Appendix A Proof For Theorem 1

Theorem 1.

\frac{\partial L_{M}(\hat{\mathbf{\theta}}(\mathbf{w}))}{\partial\mathbf{w}_{i}}=-\frac{\eta}{|\mathcal{B}|}\cdot[\frac{1}{|D_{M}|}\sum_{j=1}^{|D_{M}|}\vec{\mathbf{g}}_{\hat{\mathbf{\theta}}}(x_{j},y_{j})^{T}]\cdot\vec{\mathbf{g}}_{\mathbf{\theta}}(x_{i},y_{i})

Proof.

Based on Eq. (2) and Eq. (3) in $\S$ 3.2, we conclude the pseudo updated parameters $\hat{\mathbf{\theta}}(\mathbf{w})$ as:

\hat{\mathbf{\theta}}(\mathbf{w})=\mathbf{\theta}-\eta\cdot\frac{1}{|\mathcal{B}|}\cdot\sum_{x_{i},y_{i}\in\mathcal{B}}\sigma{(\mathbf{w}_{i})}\cdot\frac{\partial\mathcal{E}(\Phi(x_{i};\mathbf{\theta}),y_{i})}{\partial\mathbf{\theta}}

(11)

We then take the gradient of $\mathbf{w}_{i}$ on $\hat{\mathbf{\theta}}(\mathbf{w})$ as:

\frac{\partial\hat{\mathbf{\theta}}(\mathbf{w})}{\partial\sigma(\mathbf{w}_{i})}=-\frac{\eta}{|\mathcal{B}|}\cdot\frac{\partial\mathcal{E}(\Phi(x_{i};\mathbf{\theta}),y_{i})}{\partial\mathbf{\theta}}

(12)

Based on Eq. (12), we derivate the gradient of $\mathbf{w}_{i}$ on $\mathcal{L}_{M}$ as:

$\displaystyle\frac{\partial L_{M}(\hat{\mathbf{\theta}}(\mathbf{w}))}{\partial\mathbf{w}_{i}}$	$\displaystyle=$	$\displaystyle[\frac{\partial L_{M}(\hat{\mathbf{\theta}}(\mathbf{w}))}{\partial\hat{\mathbf{\theta}}(\mathbf{w})}]^{T}\cdot[\frac{\partial\hat{\mathbf{\theta}}(\mathbf{w})}{\partial\sigma(\mathbf{w}_{i})}]\cdot[\frac{\partial\sigma(\mathbf{w})}{\partial\mathbf{w}}]$	(13)
	$\displaystyle=$	$\displaystyle[\frac{1}{\|D_{M}\|}\cdot\sum_{j=1}^{\|D_{M}\|}\frac{\partial\mathcal{E}(\Phi(x_{j};\hat{\mathbf{\theta}}(\mathbf{w})),y_{j})}{\partial\hat{\mathbf{\theta}}(\mathbf{w})}]^{T}\cdot$
		$\displaystyle\quad[-\frac{\eta}{\|\mathcal{B}\|}\cdot\frac{\partial\mathcal{E}(\Phi(x_{i};\mathbf{\theta}),y_{i})}{\partial\mathbf{\theta}}]\cdot$
		$\displaystyle\quad[\sigma(\mathbf{w}_{i})(1-\sigma(\mathbf{w}_{i}))]$
	$\displaystyle=$	$\displaystyle-\frac{\eta\sigma(\mathbf{w}_{i})(1-\sigma(\mathbf{w}_{i}))}{\|\mathcal{B}\|}\cdot$
		$\displaystyle[\frac{1}{\|D_{M}\|}\sum_{j=1}^{\|D_{M}\|}\vec{\mathbf{g}}_{\hat{\mathbf{\theta}}}(x_{j},y_{j})^{T}]\cdot$
		$\displaystyle\vec{\mathbf{g}}_{\mathbf{\theta}}(x_{i},y_{i})$

where the second line is obtained by substituting $\mathcal{L}_{M}$ and $\hat{\mathbf{\theta}}$ with Eq. (4) and Eq. (11).

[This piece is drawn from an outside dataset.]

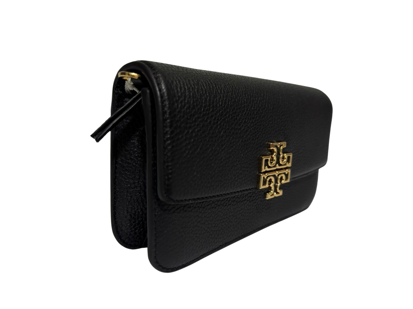 The Tory Burch Britten Chain Wallet with Wristlet in black leather offers a sophisticated fusion of style and function. Designed with multiple compartments, it keeps essentials neatly organized. The detachable chain strap and leather wristlet provide adaptable carrying options, making it suitable for a variety of occasions. Crafted from premium leather, this wallet delivers both durability and timeless elegance, perfect for elevating your everyday accessories.

Substitute $\vec{\mathbf{g}}_{\hat{\mathbf{\theta}}}(x_{j},y_{j})=\frac{\partial\mathcal{E}(\Phi(x_{j};\hat{\mathbf{\theta}}(\mathbf{w})),y_{j})}{\partial\hat{\mathbf{\theta}}(\mathbf{w})}$ and $\vec{\mathbf{g}}_{\mathbf{\theta}}(x_{i},y_{i})=\frac{\partial\mathcal{E}(\Phi(x_{i};\mathbf{\theta}),y_{i})}{\partial\mathbf{\theta}}$ and rearrange the terms, we obtain the third line. The proof of Theorem 1 is completed. ∎

Appendix B Proof For Theorem 2 and Theorem 3

Definition 1.

disagreement is a measure to quantify the different performances of two different hypotheses on a specific dataset. Denote the two hypotheses as $h_{1}$ and $h_{2}$ , and denote the specific dataset as $D$ , then the disagreement of $h_{1}$ and $h_{2}$ on $D$ is formulated as:

\epsilon_{D}(h_{1},h_{2})=\frac{1}{|D|}\sum_{i=1}^{|D|}[\frac{1}{C}*||h_{1}(x)-h_{2}(x)||_{1}]

(14)

where $C$ is the number of classes, $h_{1}(x)$ and $h_{2}(x)$ are one-hot vectors representing the models’ predictions.

Definition 2.

$H{\Delta}H$ -distance is a metric for evaluating the divergence of the data distribution between two datasets. Formally, $H{\Delta}H$ -distance is computed as:

d_{\mathcal{H}\Delta\mathcal{H}}(D_{1},D_{2})=2\mathop{sup}\limits_{h_{1},h_{2}\in\mathcal{H}}|\epsilon_{D_{1}}(h1,h2)-\epsilon_{D_{2}}(h1,h2)|

(15)

where $H$ is the hypothesis space and $sup$ denotes the supremum.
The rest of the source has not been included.